9. «Poésie?», de Fabrice Luchini

Fabrice Luchini victime de ses lombaires. Un cauchemar pour le comédien. Dans sa loge du Forum Meyrin, ce jeudi de novembre, il est couché par terre et croit bien ne plus pouvoir se lever. Anne Brüschweiler, la directrice de la maison, lance des appels désespérés à tous les ostéopathes de la République. A 20 heures, elle trouve enfin des doigts disponibles. C’est ainsi que Fabrice

Luchini, frictionné et piqué, entre en scène, voûté mais vaillant. Sous les projecteurs, il fait feu de tout, de Rimbaud et de Sarkozy, de Claudel et de Hollande. Le public chavire. C’est ce qui s’appelle un miracle. (A. Df)

10. «And so you see…», de Robyn Orlin

Le Requiem de Mozart est poignant. Le thème, les viols correctifs infligés aux lesbiennes et aux gays en Afrique du Sud pour les «guérir», est déchirant. Mais, dans «And so you see…», de Robyn Orlin, on ne voit que lui. Albert Ibokwe Khoza, mi-homme, mi-femme, mi-cabotin, mi-démon. Aussi difficile à identifier que fascinant. Un surhomme ou demi-dieu, qui passe de la douceur amusée à la violence la plus cinglante.

Le danseur doit beaucoup à la chorégraphe sud-africaine qui règle un cérémonial à couper le souffle. Sans cela, cet astre sombre ne serait pas si éclatant. (MPG)

L'air du temps en 2016: le théâtre, caméra au poing

Un baiser, une étreinte, un petit cri. Une minute à peine et on dirait que la nuit a passé. Au Festival d’Avignon, le metteur en scène français Julien Gosselin, 28 ans, soigne ses plans comme le plus maniaque des cinéastes. Son spectacle, 2666, brouille tout, la frontière des genres, la chronologie du récit, la sensation du temps.
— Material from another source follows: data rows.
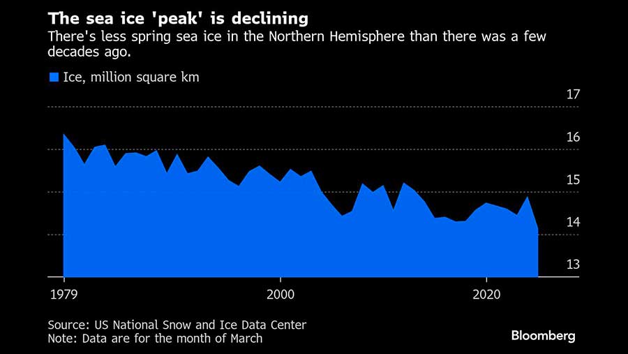 - Puncak cakupan es laut tahunan pada Maret merupakan yang terkecil dalam 47 tahun catatan satelit, sementara cakupan es laut musim panas 28% lebih kecil dibandingkan dua dekade lalu.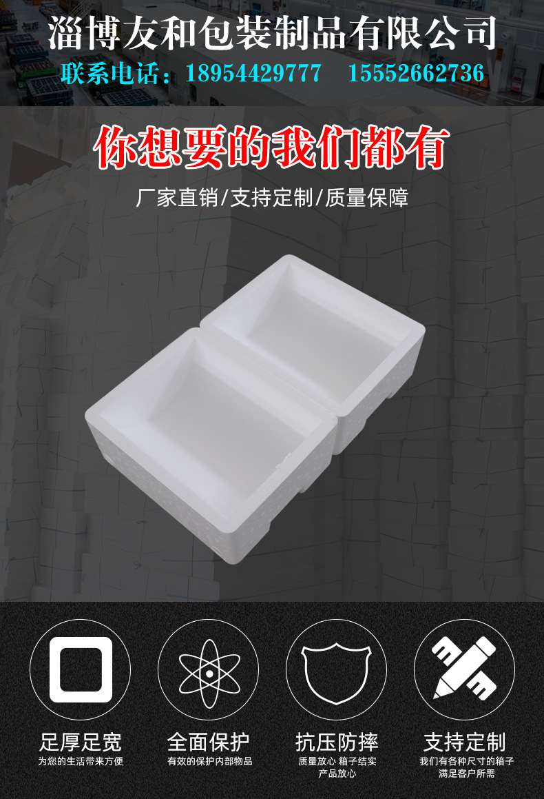 介紹參數圖冊 ????淄博友和包裝制品有限公司是專業的山東泡沫包裝箱加工廠家,本廠主要產品有:泡沫包裝箱,泡沫保鮮箱,水果蔬菜泡沫包裝箱,水果蔬菜泡沫保鮮箱,瓷磚泡沫包裝箱等,產品暢銷全國,深受用戶好評。泡沫包裝定做可以聯系我們網站 http://m.ny4455.cn/ 上電話,我們會第一時間跟您聯系。 上一篇小藥盒泡沫包裝箱 下一篇沒有了!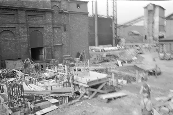 Byggeplass. Armering. Jernbinding. Forskaling. Gassverkets teglsteinsbygning. Bygging av nytt retortanlegg (ovner der kull ble oppvarmet for å avgi gass) til Gassverket. Gassklokken i bakgrunnen. (Anker studentboliger ligger her idag.)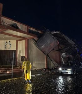 Entre os prejuízos estruturais, uma igreja centenária teve parte do telhado arrancado, um ginásio esportivo acabou completamente destruído e grandes pipas de armazenamento de vinho tombaram com a força do vento.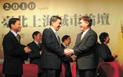 這次飛躍海峽兩岸近700公里的訪問,源于2年前的“上海之約”。2008年6月,臺北市市長郝龍斌率團到上海,并積極邀請上海市市長韓正赴臺訪問。在2010年世博會開幕前夕,兩岸期盼已久的上海市政府訪問團終于成行,抵臺訪問。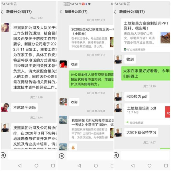 新疆分公司以學(xué)習(xí)強(qiáng)國(guó)、微信、視頻電話、線上病毒防治考試等形式,加強(qiáng)疫情防控宣傳,安排新疆分公司重點(diǎn)項(xiàng)目開展,以多種形式和項(xiàng)目方溝通商洽,對(duì)接項(xiàng)目,確保疫情期間項(xiàng)目的有序推進(jìn),為2020年市場(chǎng)項(xiàng)目開拓打下基礎(chǔ)。組織技術(shù)人員線上學(xué)習(xí)業(yè)務(wù)知識(shí),提升工作能力,適應(yīng)專業(yè)工作轉(zhuǎn)型發(fā)展。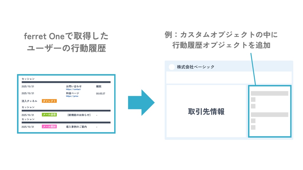 APIおよびワークフローとの連携により、Salesforce上でferret One for MAで取得したユーザーの行動履歴を直接確認できるようになります。

Il faut dire que le geste est hors du commun. L’artiste et sa bande ne transposent-ils pas les 1365 pages – dans l’édition de poche Folio – du roman-labyrinthe de Roberto Bolano? Ne déploient-ils pas, sur plus de dix heures, mais oui, l’enquête d’un quatuor d’universitaires traquant le légendaire écrivain Benito Arcimboldi? Cette saga emprunte à la plus cryptée et joueuse des littératures, comme à la telenovela.

Si le spectacle est aussi prenant, c’est que Julien Gosselin utilise toutes les ressources de la modernité technologique, à commencer par la caméra.
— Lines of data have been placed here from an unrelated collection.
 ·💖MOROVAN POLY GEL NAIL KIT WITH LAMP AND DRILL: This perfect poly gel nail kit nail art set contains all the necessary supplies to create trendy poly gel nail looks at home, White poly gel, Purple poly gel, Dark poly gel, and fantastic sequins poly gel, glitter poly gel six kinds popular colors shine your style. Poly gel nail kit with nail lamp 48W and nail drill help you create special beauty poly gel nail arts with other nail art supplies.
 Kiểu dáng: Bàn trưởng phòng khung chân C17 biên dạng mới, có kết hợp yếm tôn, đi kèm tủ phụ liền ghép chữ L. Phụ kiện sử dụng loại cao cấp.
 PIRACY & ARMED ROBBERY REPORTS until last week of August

Rien de nouveau, dites-vous? On a déjà vu mille fois des images vidéo habiller une action théâtrale, lui offrir un contrepoint? Oui. Mais la grande tendance aujourd’hui, c’est le direct, ces fantômes en noir qui suivent les acteurs dans la chambre d’à côté pour filmer une fureur, un aparté, un vague à l’âme. Désormais, le hors-scène est un enjeu. Désormais aussi, on peut oser les gestes de l’intimité comme au cinéma, donner à une figure muette une signification, jouer du gros plan pour suggérer un autre drame.
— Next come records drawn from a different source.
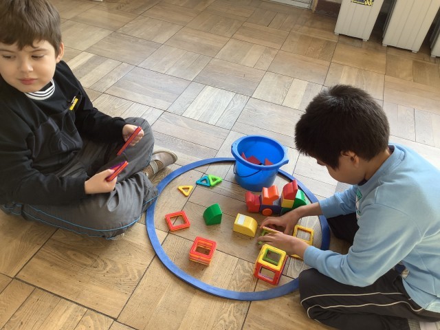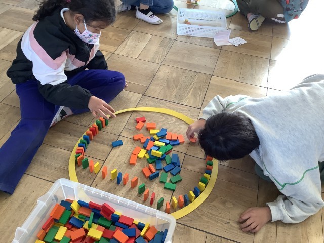 道徳「なかまにいれて」では、一緒に遊びたいときには何と言うのか、言われたら何と答えるのか考えました。その後、実践として一緒に遊ぶための練習をしました。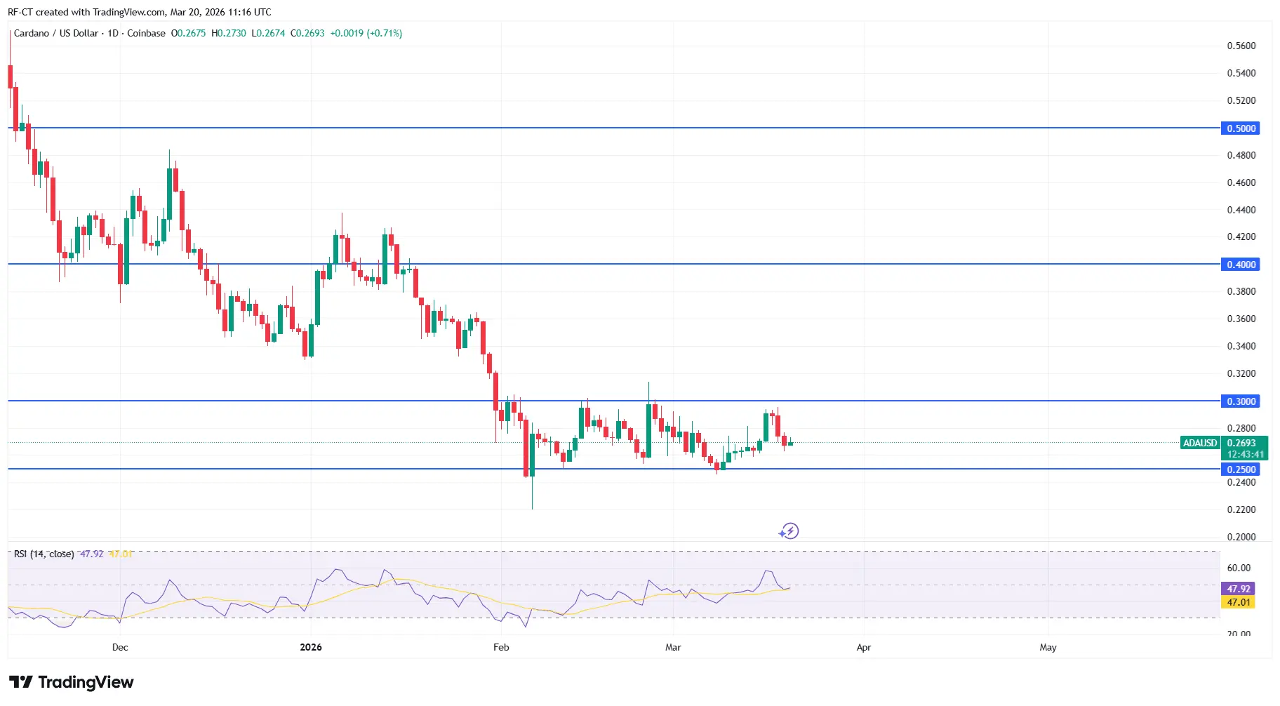TL;DR:Key prices and levels:Cardano is currently trading around $0.27, with critical support at $0.2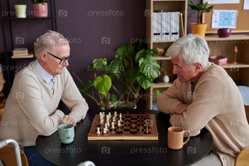 Два пожилых человека играют в шахматы за столом дома престарелых
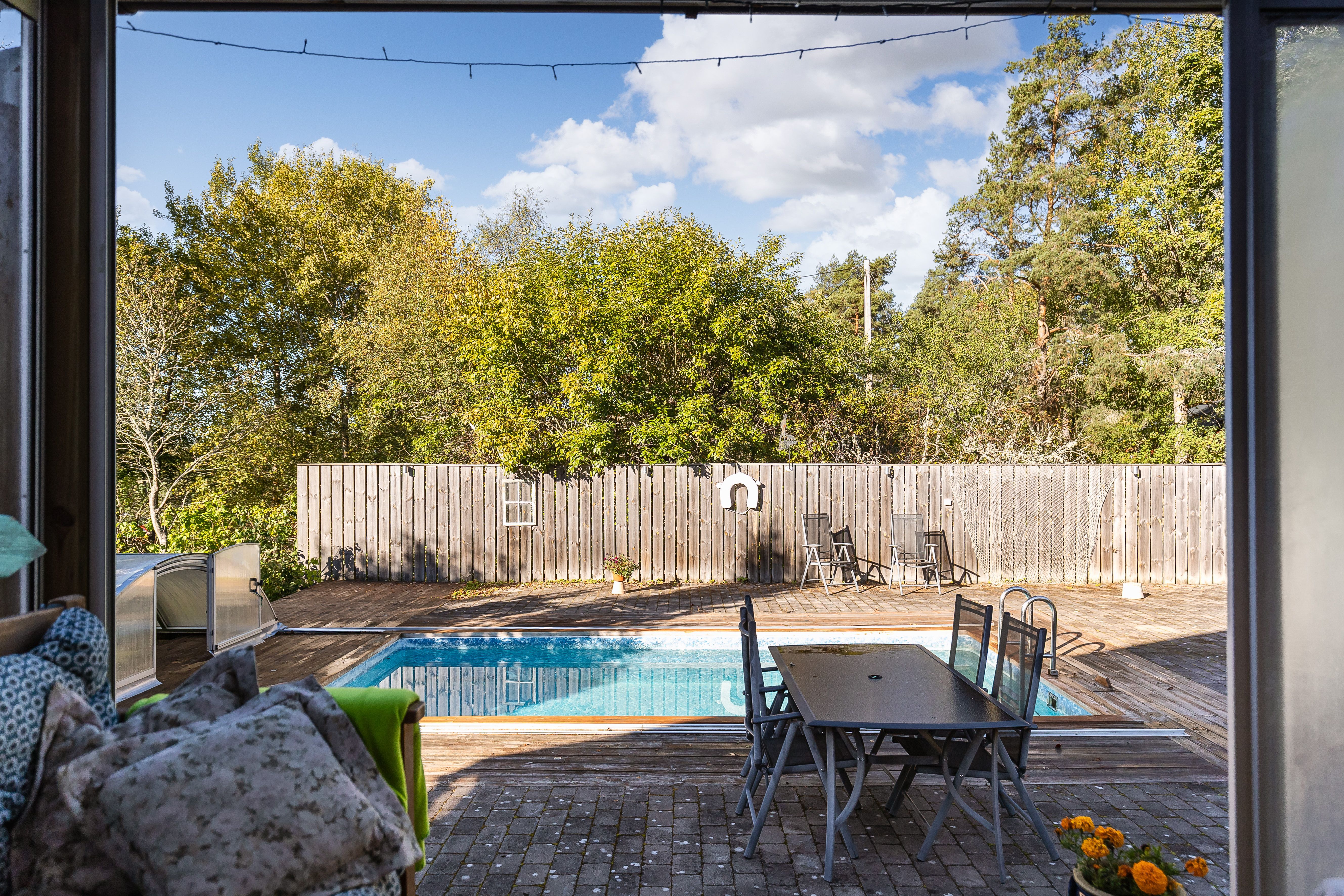 Varmt välkommen till detta välskötta boende med stora ytor, uppvärmd pool och många möjligheter. Här kan du skapa din lantliga dröm i vackra omgivningar, odla dina egna grödor och ha hästarna på hemmaplan. En separat byggnad rymmer två väl tilltagna uteboxar, sadelkammare samt ett vidbyggt skydd lämpligt för lösdrift. Möjlighet till generösa betesmarker erbjuds på grannfastigheten genom ett arrende.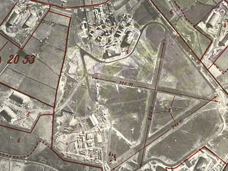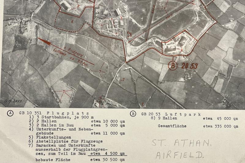 Original 1941 Luftwaffe target information aerial photograph of ' Llantwit Major Luftpark ' - St Athan airfield. Targets within the airfield are also outlined and identified including AA sites, hangars and barracks. Good, clean condition, has been folded with a provenance from a member of the RAF.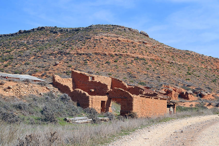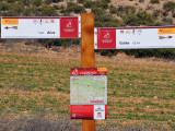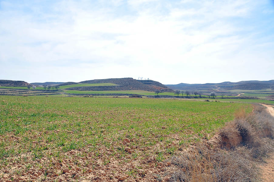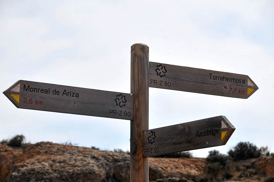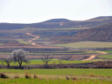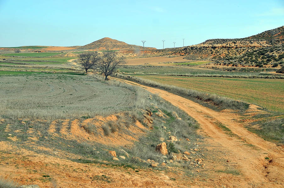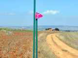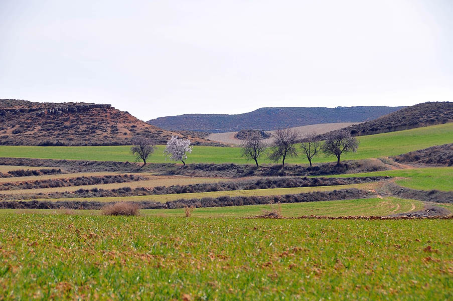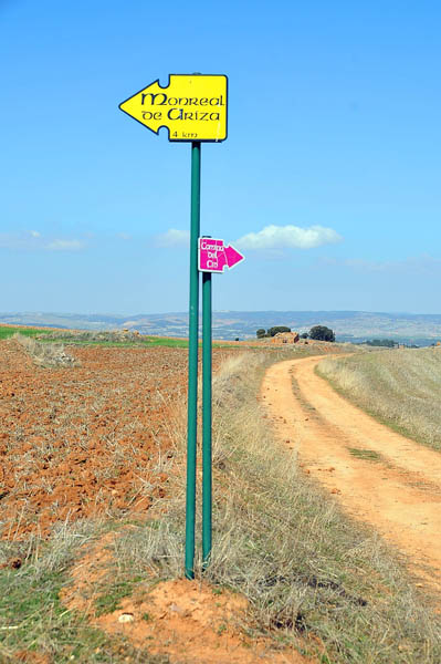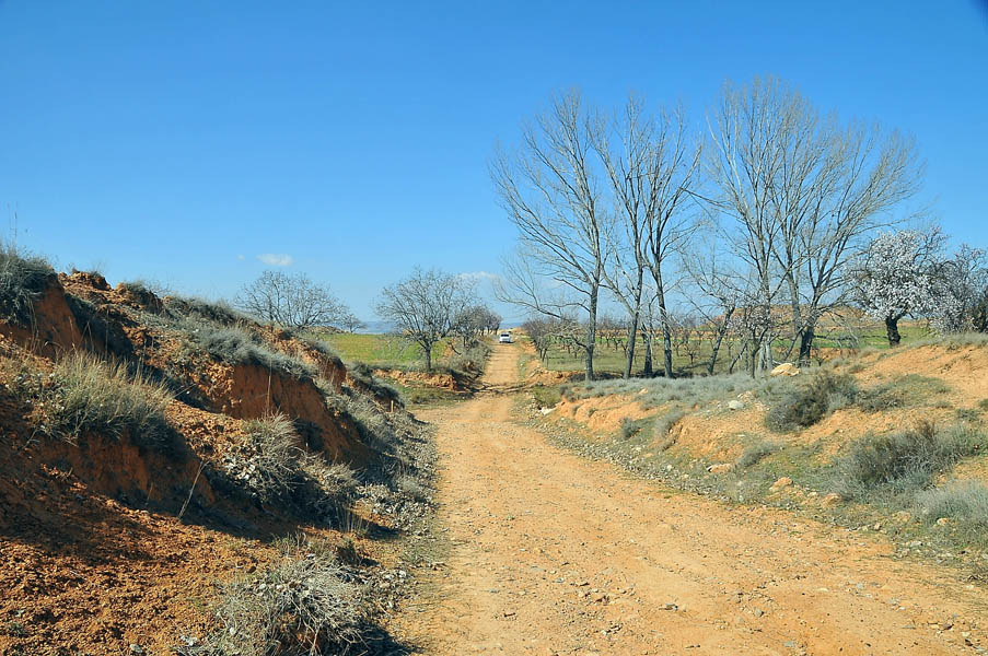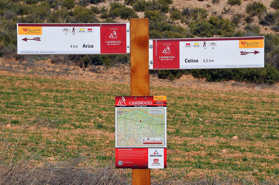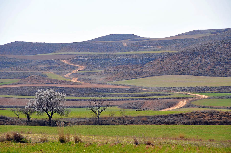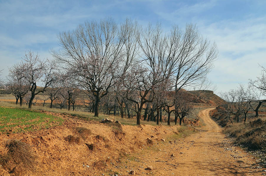 Verdes campos, almendro en flor, sencillas pero solitarias y relajantes pistas nos llevan a encontrarnos con señales que nos recuerdan que estamos en el Camino del Cid.

Révolution? Changement de code en tout cas. Et extension de la palette, c’est-à-dire de l’imaginaire théâtral. Le Flamand Ivo van Hove avec ses Damnés mémorables au Festival d’Avignon, le Français Christophe Rauck avec son Figaro divorce au Théâtre Kléber-Méleau ont chacun à sa façon exploité les avantages du tournage en direct. Ils ont des prédécesseurs illustres dans le domaine, le Polonais Krzysztof Warlikowski, l’Allemand Frank Castorf, le Belge Guy Cassiers – à l’affiche à Vidy en décembre avec Rouge décanté. Selon les mains, une caméra ne produit pas toujours le même prodige. La vogue pourrait tourner académisme. Certitude: les caméramans ont de l’avenir sur les planches. (A. Df.)